* EXERCISE AIM
Once you find the line with "牛久シャトー桜まつり(3月下旬～4月初旬)" in the data below, transcribe exactly each line from there to the line with "À Geuzenveld et", inclusive, and nothing else. Drop the pictures.
━━━━━ SUPPLIED INFORMATION
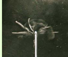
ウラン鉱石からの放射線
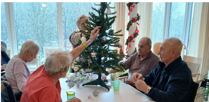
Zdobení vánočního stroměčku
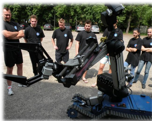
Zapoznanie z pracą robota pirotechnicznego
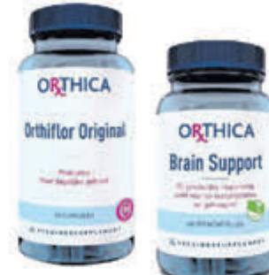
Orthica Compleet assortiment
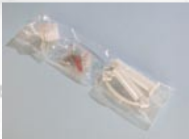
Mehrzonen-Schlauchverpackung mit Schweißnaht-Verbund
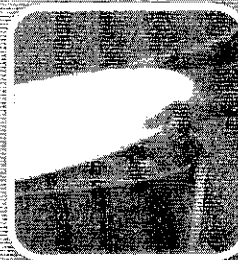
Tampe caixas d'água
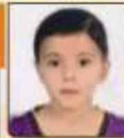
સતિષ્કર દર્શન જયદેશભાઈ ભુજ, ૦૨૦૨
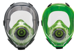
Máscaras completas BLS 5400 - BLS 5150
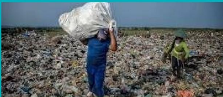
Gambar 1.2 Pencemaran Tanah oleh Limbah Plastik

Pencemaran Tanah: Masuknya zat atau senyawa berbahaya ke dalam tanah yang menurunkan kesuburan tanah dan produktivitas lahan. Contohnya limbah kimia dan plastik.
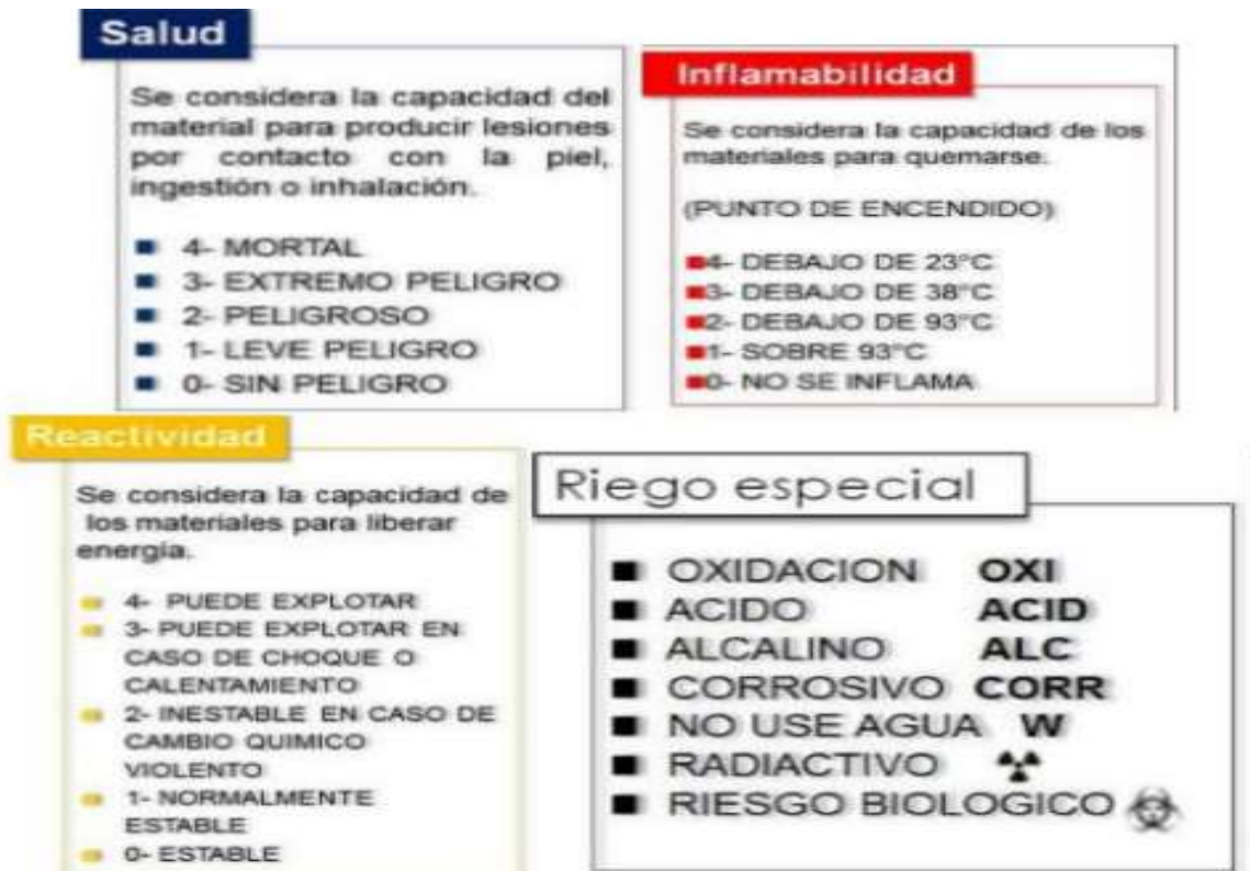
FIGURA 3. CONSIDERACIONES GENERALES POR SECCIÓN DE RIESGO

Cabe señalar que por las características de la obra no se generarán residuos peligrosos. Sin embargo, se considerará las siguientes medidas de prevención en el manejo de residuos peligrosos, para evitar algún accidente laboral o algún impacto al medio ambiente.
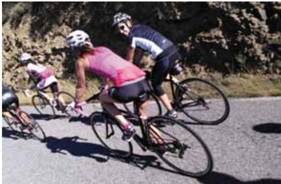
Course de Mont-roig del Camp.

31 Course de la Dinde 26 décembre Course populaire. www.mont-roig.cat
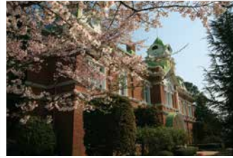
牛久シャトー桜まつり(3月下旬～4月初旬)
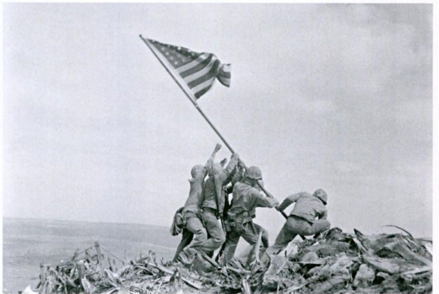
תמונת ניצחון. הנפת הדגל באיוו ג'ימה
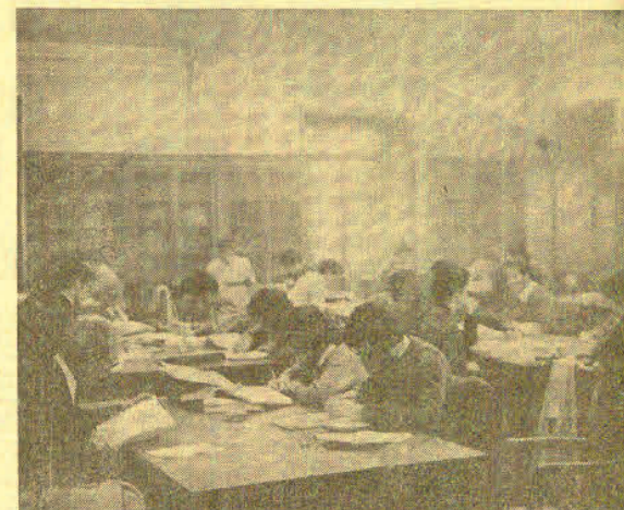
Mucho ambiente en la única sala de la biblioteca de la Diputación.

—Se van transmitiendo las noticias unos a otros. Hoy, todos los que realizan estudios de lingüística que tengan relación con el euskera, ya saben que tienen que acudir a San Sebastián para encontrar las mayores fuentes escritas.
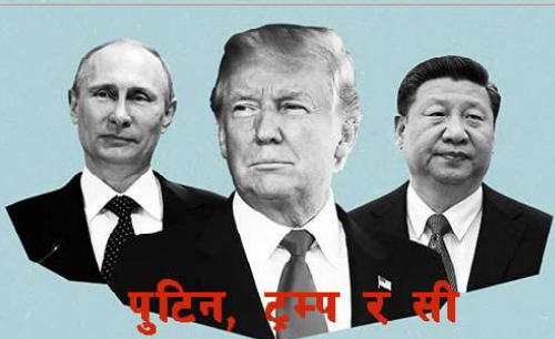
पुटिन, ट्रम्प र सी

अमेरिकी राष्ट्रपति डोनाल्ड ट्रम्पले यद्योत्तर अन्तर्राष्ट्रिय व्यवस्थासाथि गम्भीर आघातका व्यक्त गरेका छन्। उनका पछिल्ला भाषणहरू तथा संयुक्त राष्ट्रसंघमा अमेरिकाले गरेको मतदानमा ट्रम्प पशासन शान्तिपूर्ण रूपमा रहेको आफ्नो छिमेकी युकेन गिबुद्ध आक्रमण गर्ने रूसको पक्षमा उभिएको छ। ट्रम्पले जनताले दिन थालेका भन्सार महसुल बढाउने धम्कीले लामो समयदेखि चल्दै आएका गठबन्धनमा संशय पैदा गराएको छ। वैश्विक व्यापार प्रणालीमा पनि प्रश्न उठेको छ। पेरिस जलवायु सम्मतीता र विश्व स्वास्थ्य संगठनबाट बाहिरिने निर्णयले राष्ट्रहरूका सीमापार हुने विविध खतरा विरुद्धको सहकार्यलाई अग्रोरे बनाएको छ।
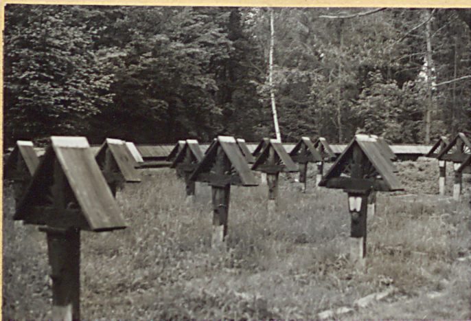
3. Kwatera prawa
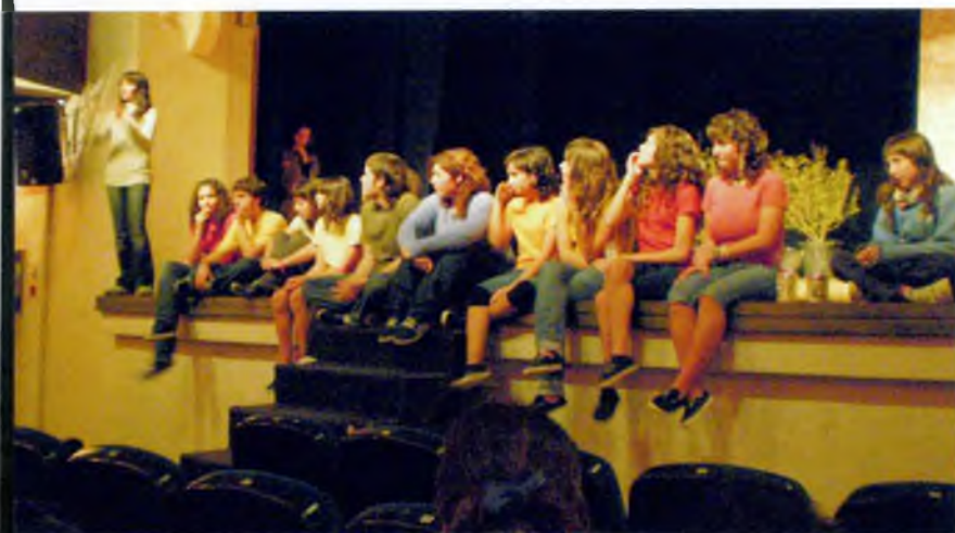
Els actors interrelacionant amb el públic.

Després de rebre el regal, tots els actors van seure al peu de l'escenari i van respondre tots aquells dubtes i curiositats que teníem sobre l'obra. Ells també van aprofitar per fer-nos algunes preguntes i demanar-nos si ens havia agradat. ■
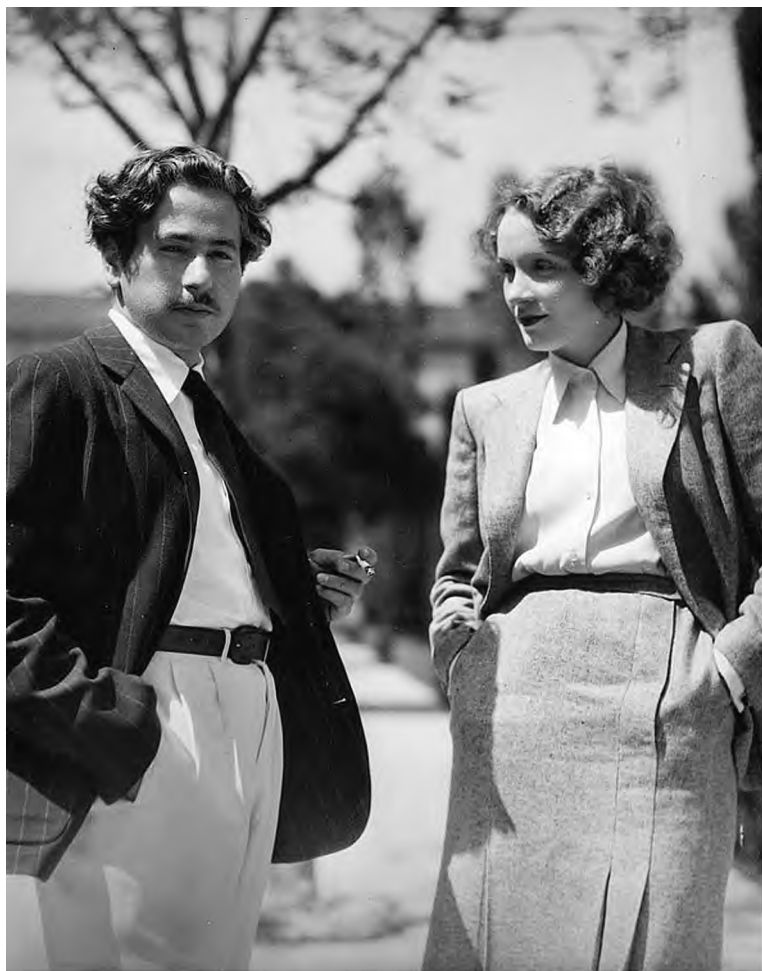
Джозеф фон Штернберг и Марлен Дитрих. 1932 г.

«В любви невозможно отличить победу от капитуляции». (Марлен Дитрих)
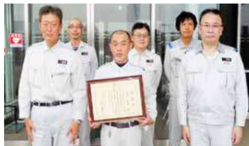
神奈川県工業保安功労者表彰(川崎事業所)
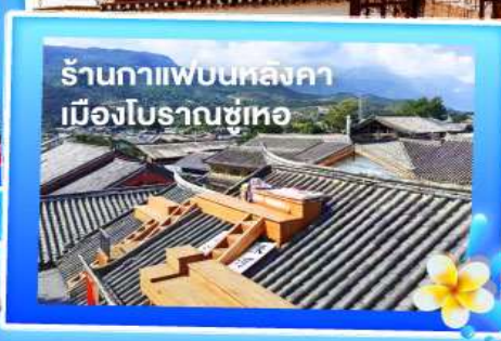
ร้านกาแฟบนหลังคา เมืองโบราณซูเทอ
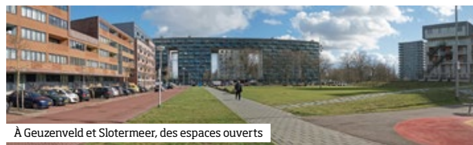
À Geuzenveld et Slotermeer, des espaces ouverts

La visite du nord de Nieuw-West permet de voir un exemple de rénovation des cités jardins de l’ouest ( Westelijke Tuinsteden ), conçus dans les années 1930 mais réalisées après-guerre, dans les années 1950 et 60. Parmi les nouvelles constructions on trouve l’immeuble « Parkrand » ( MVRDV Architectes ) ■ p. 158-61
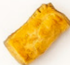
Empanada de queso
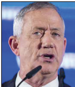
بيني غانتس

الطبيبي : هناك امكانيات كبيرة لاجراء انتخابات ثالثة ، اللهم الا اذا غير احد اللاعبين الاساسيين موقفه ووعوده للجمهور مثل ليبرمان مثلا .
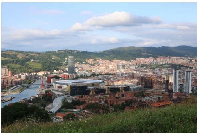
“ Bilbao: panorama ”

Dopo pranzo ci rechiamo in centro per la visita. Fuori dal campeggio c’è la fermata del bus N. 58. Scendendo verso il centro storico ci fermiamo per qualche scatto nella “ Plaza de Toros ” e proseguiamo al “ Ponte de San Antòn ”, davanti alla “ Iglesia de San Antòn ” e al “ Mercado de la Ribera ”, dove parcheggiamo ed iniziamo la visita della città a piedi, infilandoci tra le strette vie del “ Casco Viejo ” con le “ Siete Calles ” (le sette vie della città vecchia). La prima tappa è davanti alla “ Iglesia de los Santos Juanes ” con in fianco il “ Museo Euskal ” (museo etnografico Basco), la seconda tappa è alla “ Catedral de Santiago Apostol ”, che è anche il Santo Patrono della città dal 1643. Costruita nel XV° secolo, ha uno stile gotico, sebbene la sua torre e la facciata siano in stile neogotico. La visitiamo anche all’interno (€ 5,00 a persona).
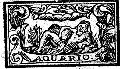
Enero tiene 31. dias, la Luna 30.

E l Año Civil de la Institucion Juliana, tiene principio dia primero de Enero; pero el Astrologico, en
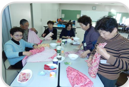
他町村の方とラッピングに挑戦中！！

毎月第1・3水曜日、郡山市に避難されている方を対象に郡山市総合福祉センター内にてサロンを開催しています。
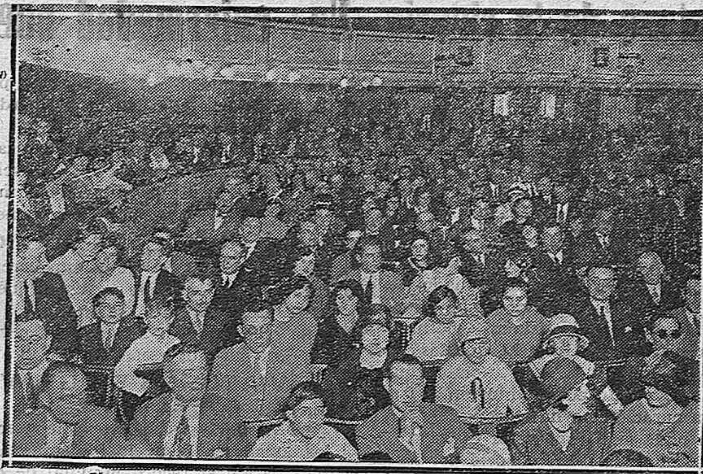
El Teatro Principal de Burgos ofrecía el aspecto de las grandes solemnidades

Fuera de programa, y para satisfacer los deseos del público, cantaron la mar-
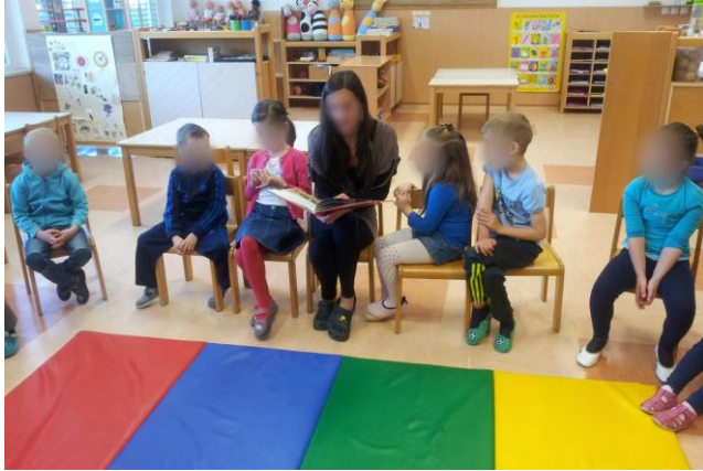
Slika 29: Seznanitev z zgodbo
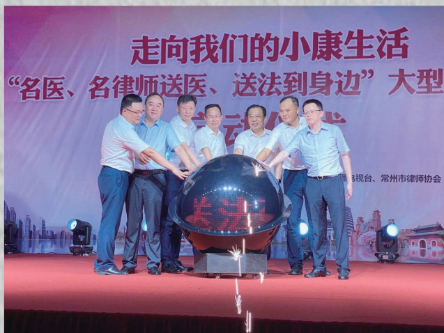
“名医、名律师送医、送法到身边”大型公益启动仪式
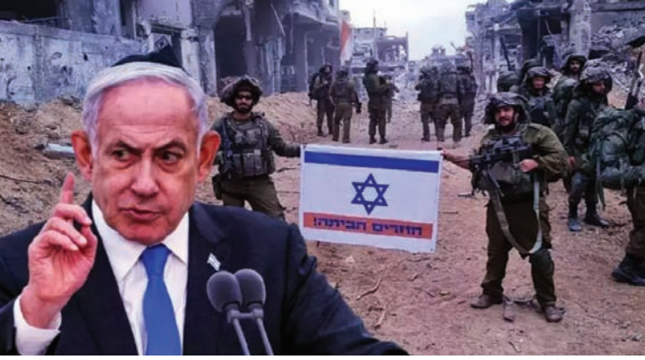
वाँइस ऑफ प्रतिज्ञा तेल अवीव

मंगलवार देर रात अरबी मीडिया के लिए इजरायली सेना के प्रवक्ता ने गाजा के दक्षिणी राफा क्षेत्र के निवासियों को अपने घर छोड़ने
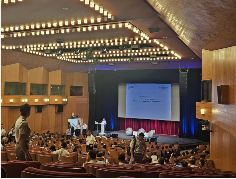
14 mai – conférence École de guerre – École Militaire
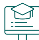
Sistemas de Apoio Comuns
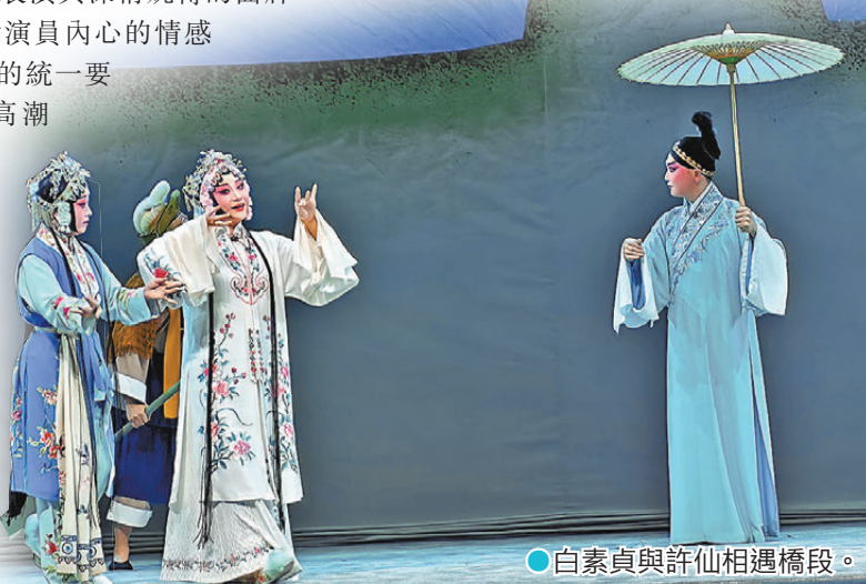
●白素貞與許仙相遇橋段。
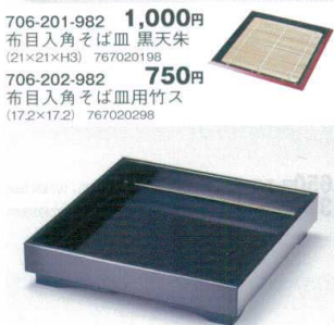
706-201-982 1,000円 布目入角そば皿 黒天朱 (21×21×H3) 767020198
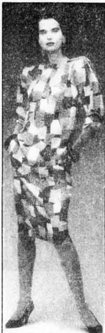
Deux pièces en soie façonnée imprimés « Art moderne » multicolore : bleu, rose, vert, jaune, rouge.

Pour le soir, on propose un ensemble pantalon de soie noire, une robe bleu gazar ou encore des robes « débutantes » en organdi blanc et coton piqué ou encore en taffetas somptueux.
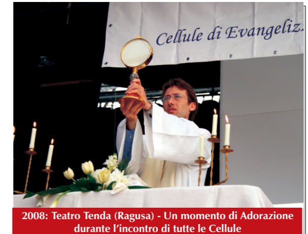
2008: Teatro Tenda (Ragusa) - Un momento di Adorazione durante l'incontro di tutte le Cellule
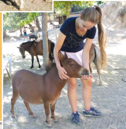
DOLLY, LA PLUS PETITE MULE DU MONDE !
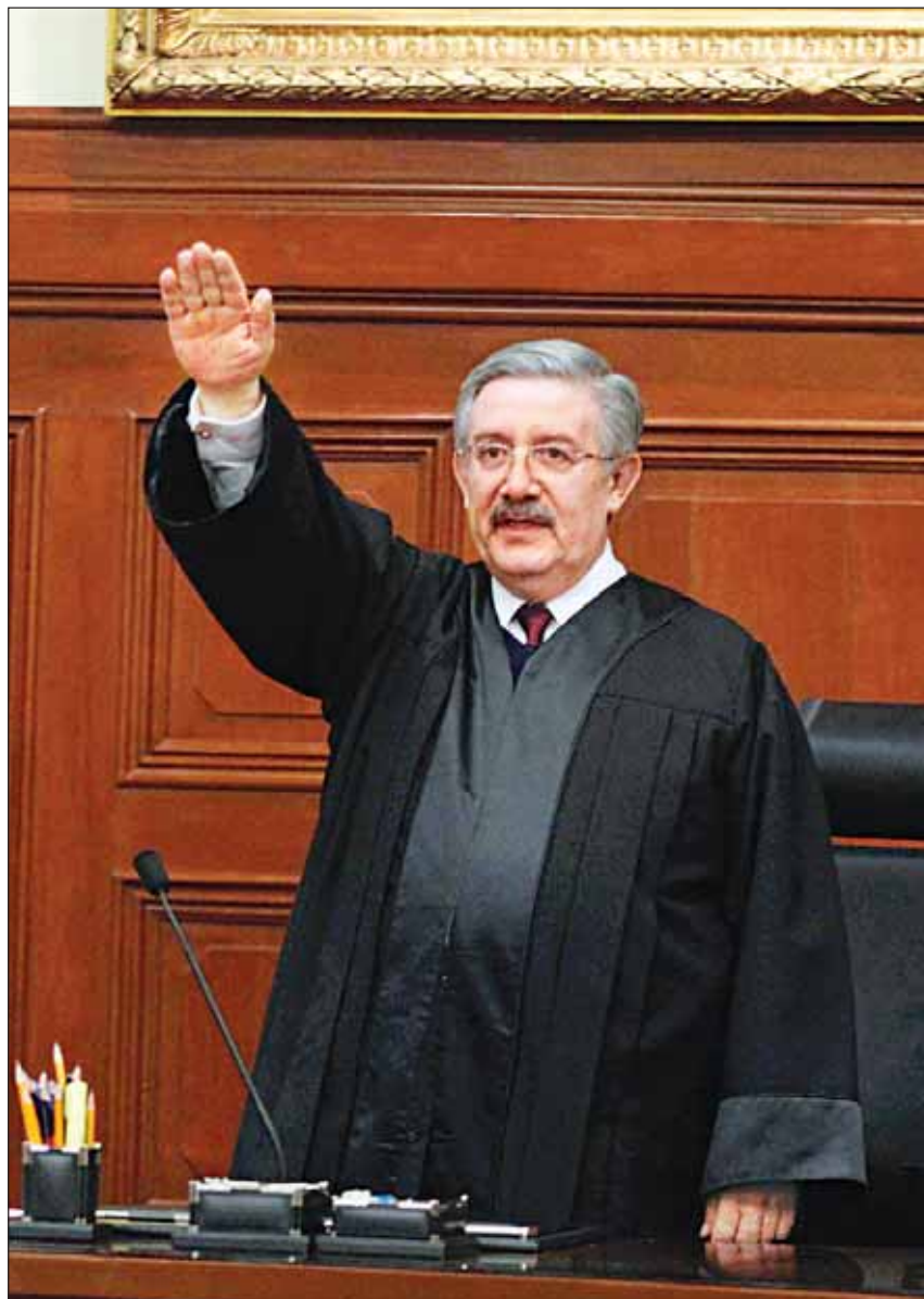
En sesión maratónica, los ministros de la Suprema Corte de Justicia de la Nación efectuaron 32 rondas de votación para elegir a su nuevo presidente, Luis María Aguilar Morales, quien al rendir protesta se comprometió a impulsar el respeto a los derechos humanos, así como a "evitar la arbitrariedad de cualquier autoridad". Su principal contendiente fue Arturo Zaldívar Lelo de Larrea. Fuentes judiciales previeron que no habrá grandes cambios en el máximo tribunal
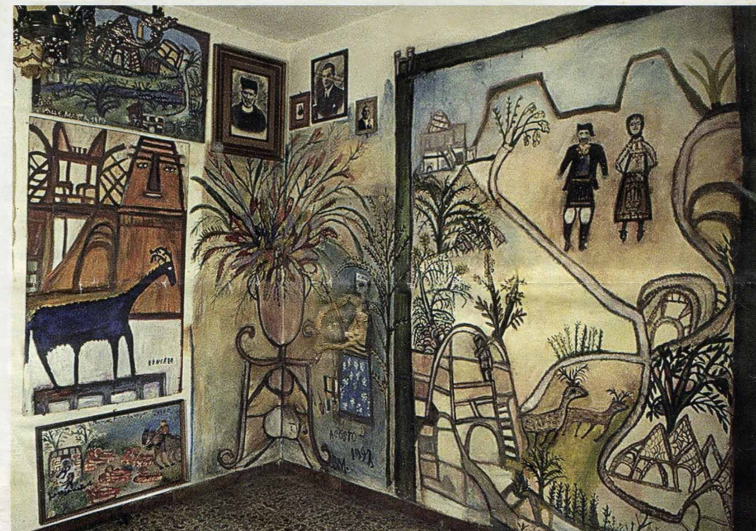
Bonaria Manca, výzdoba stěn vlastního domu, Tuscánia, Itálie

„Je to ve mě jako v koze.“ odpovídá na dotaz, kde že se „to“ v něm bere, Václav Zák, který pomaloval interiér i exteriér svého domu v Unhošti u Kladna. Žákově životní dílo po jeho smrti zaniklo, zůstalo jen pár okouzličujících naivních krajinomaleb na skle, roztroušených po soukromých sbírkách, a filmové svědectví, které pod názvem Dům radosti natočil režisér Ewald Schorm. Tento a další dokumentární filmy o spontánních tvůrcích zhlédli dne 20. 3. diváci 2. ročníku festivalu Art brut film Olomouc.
━━━━━━━━━━
* SOLUTION TO THIS EXERCISE
牛久シャトー桜まつり(3月下旬～4月初旬)
תמונת ניצחון. הנפת הדגל באיוו ג'ימה
Mucho ambiente en la única sala de la biblioteca de la Diputación.

—Se van transmitiendo las noticias unos a otros. Hoy, todos los que realizan estudios de lingüística que tengan relación con el euskera, ya saben que tienen que acudir a San Sebastián para encontrar las mayores fuentes escritas.
पुटिन, ट्रम्प र सी

अमेरिकी राष्ट्रपति डोनाल्ड ट्रम्पले यद्योत्तर अन्तर्राष्ट्रिय व्यवस्थासाथि गम्भीर आघातका व्यक्त गरेका छन्। उनका पछिल्ला भाषणहरू तथा संयुक्त राष्ट्रसंघमा अमेरिकाले गरेको मतदानमा ट्रम्प पशासन शान्तिपूर्ण रूपमा रहेको आफ्नो छिमेकी युकेन गिबुद्ध आक्रमण गर्ने रूसको पक्षमा उभिएको छ। ट्रम्पले जनताले दिन थालेका भन्सार महसुल बढाउने धम्कीले लामो समयदेखि चल्दै आएका गठबन्धनमा संशय पैदा गराएको छ। वैश्विक व्यापार प्रणालीमा पनि प्रश्न उठेको छ। पेरिस जलवायु सम्मतीता र विश्व स्वास्थ्य संगठनबाट बाहिरिने निर्णयले राष्ट्रहरूका सीमापार हुने विविध खतरा विरुद्धको सहकार्यलाई अग्रोरे बनाएको छ।
3. Kwatera prawa
Els actors interrelacionant amb el públic.

Després de rebre el regal, tots els actors van seure al peu de l'escenari i van respondre tots aquells dubtes i curiositats que teníem sobre l'obra. Ells també van aprofitar per fer-nos algunes preguntes i demanar-nos si ens havia agradat. ■
Джозеф фон Штернберг и Марлен Дитрих. 1932 г.

«В любви невозможно отличить победу от капитуляции». (Марлен Дитрих)
神奈川県工業保安功労者表彰(川崎事業所)
ร้านกาแฟบนหลังคา เมืองโบราณซูเทอ
À Geuzenveld et Slotermeer, des espaces ouverts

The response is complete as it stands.